▸ EXERCISE DETAILS
Set the material down again exactly, line by line, skipping each picture.
== DATASET EXCERPT ==
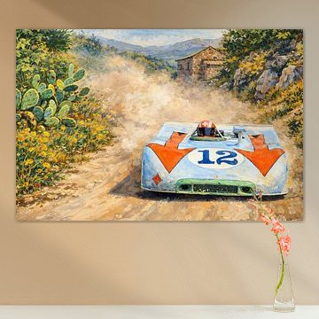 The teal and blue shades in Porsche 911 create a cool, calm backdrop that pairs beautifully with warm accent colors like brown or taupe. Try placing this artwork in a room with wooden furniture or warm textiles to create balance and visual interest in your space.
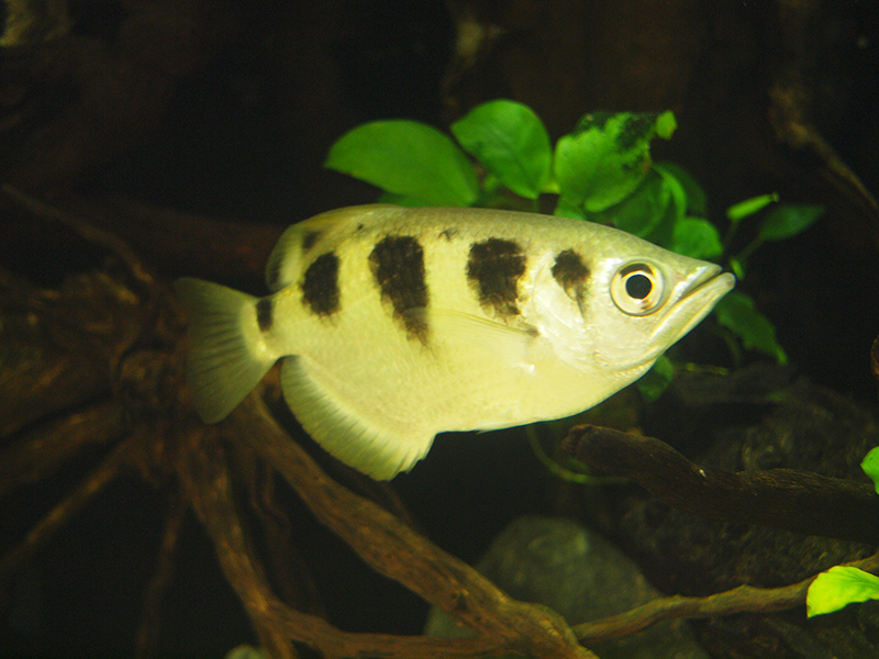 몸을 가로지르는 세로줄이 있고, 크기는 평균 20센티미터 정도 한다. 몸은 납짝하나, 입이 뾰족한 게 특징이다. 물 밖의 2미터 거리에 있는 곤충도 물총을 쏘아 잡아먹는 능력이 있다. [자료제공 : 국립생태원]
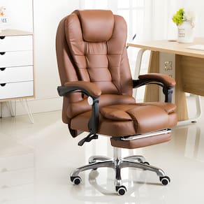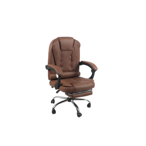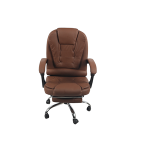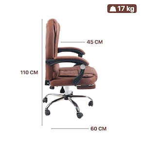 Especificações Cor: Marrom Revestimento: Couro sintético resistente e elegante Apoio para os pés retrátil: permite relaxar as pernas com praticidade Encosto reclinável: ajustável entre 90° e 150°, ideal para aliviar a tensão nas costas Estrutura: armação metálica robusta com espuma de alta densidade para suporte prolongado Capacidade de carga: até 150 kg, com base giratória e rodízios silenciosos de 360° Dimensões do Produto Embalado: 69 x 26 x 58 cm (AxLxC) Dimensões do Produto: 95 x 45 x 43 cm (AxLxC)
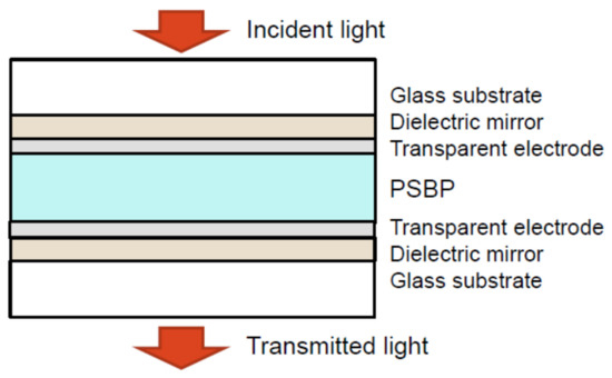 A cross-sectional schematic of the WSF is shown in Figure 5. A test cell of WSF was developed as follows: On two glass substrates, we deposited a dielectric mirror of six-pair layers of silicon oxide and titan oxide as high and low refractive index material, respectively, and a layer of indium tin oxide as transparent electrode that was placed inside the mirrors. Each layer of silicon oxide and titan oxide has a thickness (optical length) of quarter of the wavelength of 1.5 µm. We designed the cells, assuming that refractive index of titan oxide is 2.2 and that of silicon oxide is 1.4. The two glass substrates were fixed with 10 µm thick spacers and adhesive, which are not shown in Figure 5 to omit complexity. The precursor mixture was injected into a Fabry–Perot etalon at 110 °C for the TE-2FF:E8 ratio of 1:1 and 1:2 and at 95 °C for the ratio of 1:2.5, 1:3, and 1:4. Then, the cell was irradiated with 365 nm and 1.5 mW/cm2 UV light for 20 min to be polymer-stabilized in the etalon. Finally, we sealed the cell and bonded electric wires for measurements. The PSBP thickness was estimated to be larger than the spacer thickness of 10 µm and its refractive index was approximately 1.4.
===
▸ ANSWER SPACE
 The teal and blue shades in Porsche 911 create a cool, calm backdrop that pairs beautifully with warm accent colors like brown or taupe. Try placing this artwork in a room with wooden furniture or warm textiles to create balance and visual interest in your space.
 몸을 가로지르는 세로줄이 있고, 크기는 평균 20센티미터 정도 한다. 몸은 납짝하나, 입이 뾰족한 게 특징이다. 물 밖의 2미터 거리에 있는 곤충도 물총을 쏘아 잡아먹는 능력이 있다. [자료제공 : 국립생태원]
 Especificações Cor: Marrom Revestimento: Couro sintético resistente e elegante Apoio para os pés retrátil: permite relaxar as pernas com praticidade Encosto reclinável: ajustável entre 90° e 150°, ideal para aliviar a tensão nas costas Estrutura: armação metálica robusta com espuma de alta densidade para suporte prolongado Capacidade de carga: até 150 kg, com base giratória e rodízios silenciosos de 360° Dimensões do Produto Embalado: 69 x 26 x 58 cm (AxLxC) Dimensões do Produto: 95 x 45 x 43 cm (AxLxC)
 A cross-sectional schematic of the WSF is shown in Figure 5. A test cell of WSF was developed as follows: On two glass substrates, we deposited a dielectric mirror of six-pair layers of silicon oxide and titan oxide as high and low refractive index material, respectively, and a layer of indium tin oxide as transparent electrode that was placed inside the mirrors. Each layer of silicon oxide and titan oxide has a thickness (optical length) of quarter of the wavelength of 1.5 µm. We designed the cells, assuming that refractive index of titan oxide is 2.2 and that of silicon oxide is 1.4. The two glass substrates were fixed with 10 µm thick spacers and adhesive, which are not shown in Figure 5 to omit complexity. The precursor mixture was injected into a Fabry–Perot etalon at 110 °C for the TE-2FF:E8 ratio of 1:1 and 1:2 and at 95 °C for the ratio of 1:2.5, 1:3, and 1:4. Then, the cell was irradiated with 365 nm and 1.5 mW/cm2 UV light for 20 min to be polymer-stabilized in the etalon. Finally, we sealed the cell and bonded electric wires for measurements. The PSBP thickness was estimated to be larger than the spacer thickness of 10 µm and its refractive index was approximately 1.4.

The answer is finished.